# Lenovo NE10032



## Morpheus (06.04.2021)

Коллеги, здравствуйте! 
Кто из Вас сталкивался и работал со свитчами, коммутаторами, маршрутизаторами от компании Lenovo, кто может мне помочь настроить данное оборудование, может найдется здесь этот добрый и отзывчивый человек?


----------



## Zayac (06.04.2021)

это какой то раритет


----------



## Morpheus (07.04.2021)

Zayac сказал(а):


> это какой то раритет


может команды по его настройки не менялись?
имеются таковы?


----------



## BSD (07.04.2021)

а в чем ваш вопрос?


----------



## Arxivarius (07.04.2021)

Lenovo ThinkSystem NE10032 RackSwitch Product Guide (withdrawn product)
					

The Lenovo ThinkSystem NE10032 RackSwitch that uses 100 Gb QSFP28 and 40 Gb QSFP+ Ethernet technology is specifically designed for the data center. It is ideal for today's big data, cloud, and enterprise workload solutions.

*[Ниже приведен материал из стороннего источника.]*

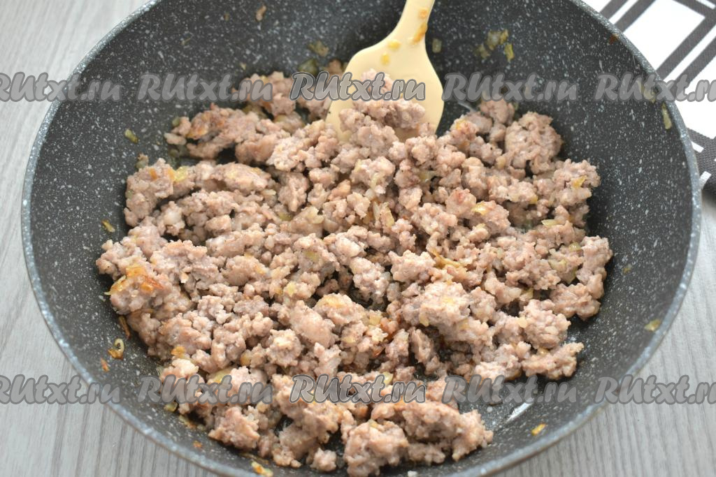 Периодически перемешивая и тщательно разбивая комочки мяса, обжариваем фарш с луком 8-10 минут, затем убираем с огня, даём остыть и начинка для пирога готова.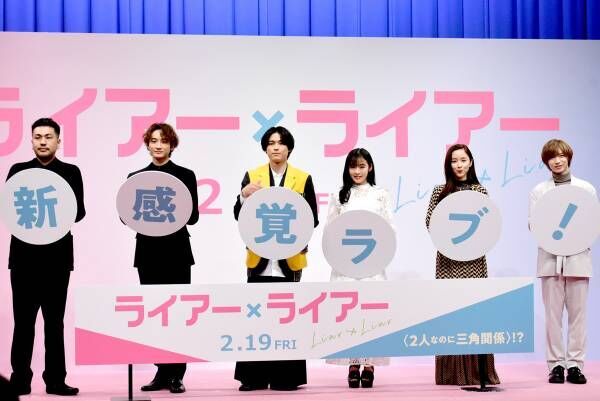 映画『ライアー×ライアー』(2月19日公開)の完成報告イベントが20日に都内で行われ、松村北斗(SixTONES)、森七菜、小関裕太、堀田真由、七五三掛龍也(Travis Japan/ジャニーズJr.)、耶雲哉治監督が登場した。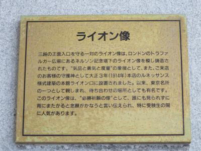 三越日本橋本店の入口の両サイドに2基のライオン像が設置されています。百貨店がオープンした1914年に英国のトラファルガー広場にあるライオン像を模して作られた物で、三越のシンボルとなっています。他の店舗にもライオン像がありますが、これが本物。

It is an enterprise class Layer 2 and Layer 3 full featured switch that...



					lenovopress.com


----------



## Morpheus (07.04.2021)

BSD сказал(а):


> а в чем ваш вопрос?


вопрос в том, что не могу найти определенные команды для его настройки


----------



## BSD (07.04.2021)

Lenovo Network Application Guide for Lenovo Cloud Network Operating System 10.10


----------



## Morpheus (07.04.2021)

BSD сказал(а):


> а в чем ваш вопрос?


например: 
1. отключение всех не безопасных сервисов 
2. добавление усиленных требований к паролю 
3. восстановление конфигурации (копию сделал, как восстановить)
4. настройка port-security


----------



## Morpheus (07.04.2021)

BSD сказал(а):


> Lenovo Network Application Guide for Lenovo Cloud Network Operating System 10.10


вот и воюю с этим руководством))
плюс знание английского в уровне))


----------



## BSD (07.04.2021)

Morpheus сказал(а):


> 1. отключение всех не безопасных сервисов


например каких? 


Morpheus сказал(а):


> 2. добавление усиленных требований к паролю


стр 54 - не оно ?
Бэкап конфига, рестор как в цисках наверное - наоборот
`Switch# copy file config-10-6 sftp sftp://10.120.33.12/configs/10-6-config-backup.cfg`


----------



## Morpheus (07.04.2021)

BSD сказал(а):


> например каких?
> 
> стр 54 - не оно ?
> Бэкап конфига, рестор как в цисках наверное - наоборот
> `Switch# copy file config-10-6 sftp sftp://10.120.33.12/configs/10-6-config-backup.cfg`


спасибо, подошло)
что касается не безопасных сервисов, то тут такая история:
FTP, SSN, HTTP, HTTPS, AVLAN-HTTPS, UPD-relay, SNMP, AVLAN-HTTP-Proxy, RIP, RIPng, 
RMON: Ethernet statistic tables probes, 
RMON: History control table probes, 
RMON: Alarm table probes,
 AMAP, IS-IS, OSPF, OSPFv3, BGP


----------